DigitasLBi plots global realignment to accelerate growth

Rosie Baker
By Rosie Baker | 7 February 2018
 
DigitasLBi 2018

Six years ago to the day, on 7 February 2012, the Sydney brand of digital shop Lost Boys International (LBi) opened its doors.

It later merged with Digitas after being acquired by Publicis Groupe to become DigitasLBi.

Now, the agency is set to reveal its revived global positioning that aims to bring more consistency to its offering across its 35 international shops.

Four months ago it appointed Michael Kahn (MK) as global brand president tasked with auditing the company and identifying areas it could tighten up its positioning, processes, and messaging.

Shortly afterwards, he promoted long-serving DigitasLBi execs Laurent Ezekiel and Jodi Robinson to jointly run the North American business and handed the remit for the network's international footprint to Ezekiel.

Since then they have visited every international office to understand their clients, cultures and process, and to build it into a more unified positioning.

MK admits that until now the agency brand has “meant a lot of different things to a lot of different people” and didn’t have strong enough brand across the network.

The positioning of the group has landed on is built around the agency's ability to build better connections between disciplines and between its clients and their customers.

MK, whose role is global, says: "What we're trying to do is have a definition for what we stand for, the capabilities we have and the model so that we can raise the floor everywhere.

“The holy grail would be that you get to a point where a multi-market client can visit offices anywhere and go ‘wow, you feel the same, you are the same, and the teams are rocking that’.”

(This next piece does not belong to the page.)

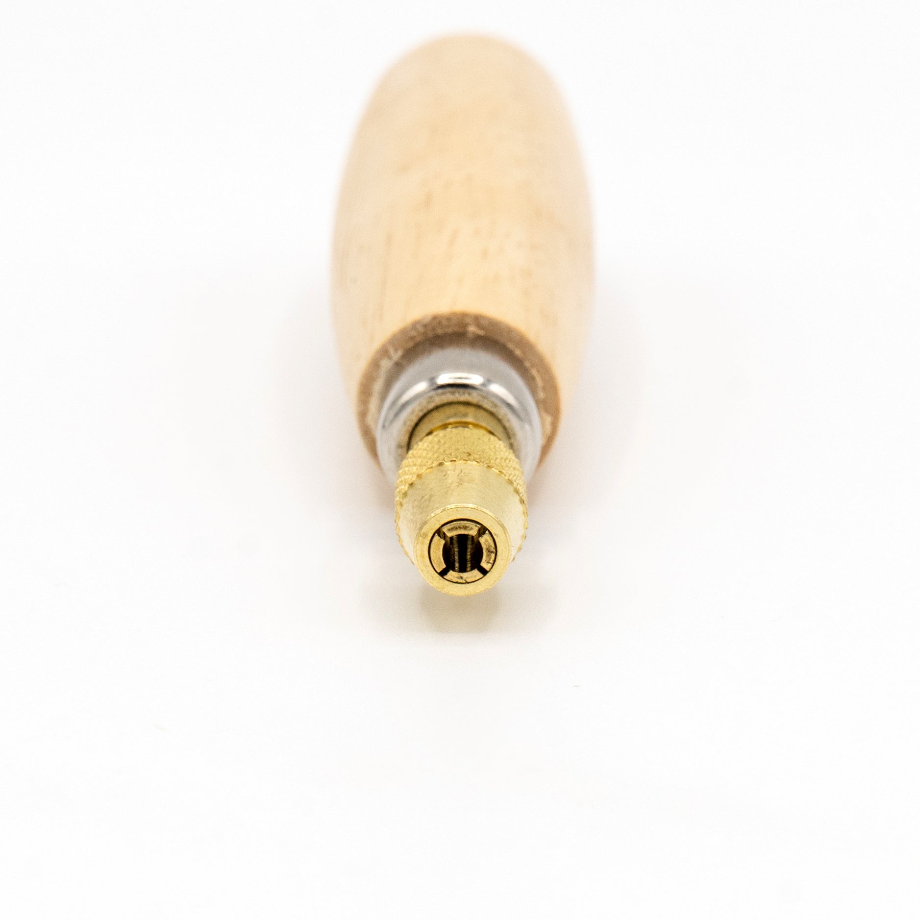 Poignée disponible séparément sous la référence Crawford 83942 : poignée en bois avec mandrin en laiton pour limes.

In the Sydney office, half of the current staff have joined from DigitasLBi offices elsewhere around the globe, which local MD Adrian Farouk saying this puts it in a strong position already.

But the concept of ‘connections’ is not new when it comes to how agencies define their purpose.

Sister Publicis agency Leo Burnett Sydney introduced its ‘Connect Strategy’ back in 2015 as a way to bridge the disciplines when it branched into media.

Back in 2016/2015 former UM Australia CEO Mat Baxter made a bold statement about his media agency being the ‘creative connections agency’. GroupM's MediaCom has long called itself the Content + Connections agency and GroupM introduced its Connections tool way back in 2006.

There are countless others, so what makes 'connections' the defining articulation of what DigitasLBi offers?

MK says it’s the bond of disciplines the agency has under one roof that mean it can truly deliver connections.

“The words we use are to be a ‘fully enabled connected marketing agency’. We feel like that's our compelling position and the manifestation of how brands make more meaningful connections with the consumers they're serving,” he says.

“It's become a very specialised business. You have creative shops, data shops, performance shops, user experience shops and digital shops. DigitasLBi was created in a way that has all those capabilities in-house under one roof. We have data folks, we have tech folks, we have creators, media folks and strategy folk.

“We feel like that is really compelling because everyone wants to be focused on the consumer journey and only if you can cover all the touch points can you design the right strategy and engineer the right response.”

Ezekiel explains it like this: “In the words of one of our longest-standing clients American Express, they call us the glue that holds their marketing mix together. For them there is a real alchemy that brings all the components together. What we want to do is take that and express it much more clearly as we go forward.”

L-R: Laurent Ezekiel, Christine Peyton, Michael Kahn, Adrian Farouk.

L-R: Laurent Ezekiel, Annette Male, Michael Kahn, Adrian Farouk.

DigitasLBi was formed in 2013 when Publicis Groupe merged Dutch agency Lost Boys with Digitas, and Ezekiel says he has a soft spot for the Sydney business since he was part of the launch team here six years ago. He says the network has come a long way since then.

In Australia, while the agency has been growing for six years and has clients such as Samsung on the books, it doesn't have the clout the agency brand commands in other locations, such as London.

Ezekiel, who is based in New York, says it is “honing its proposition” adding that it will bring an acceleration of what it has been doing, rather than a departure.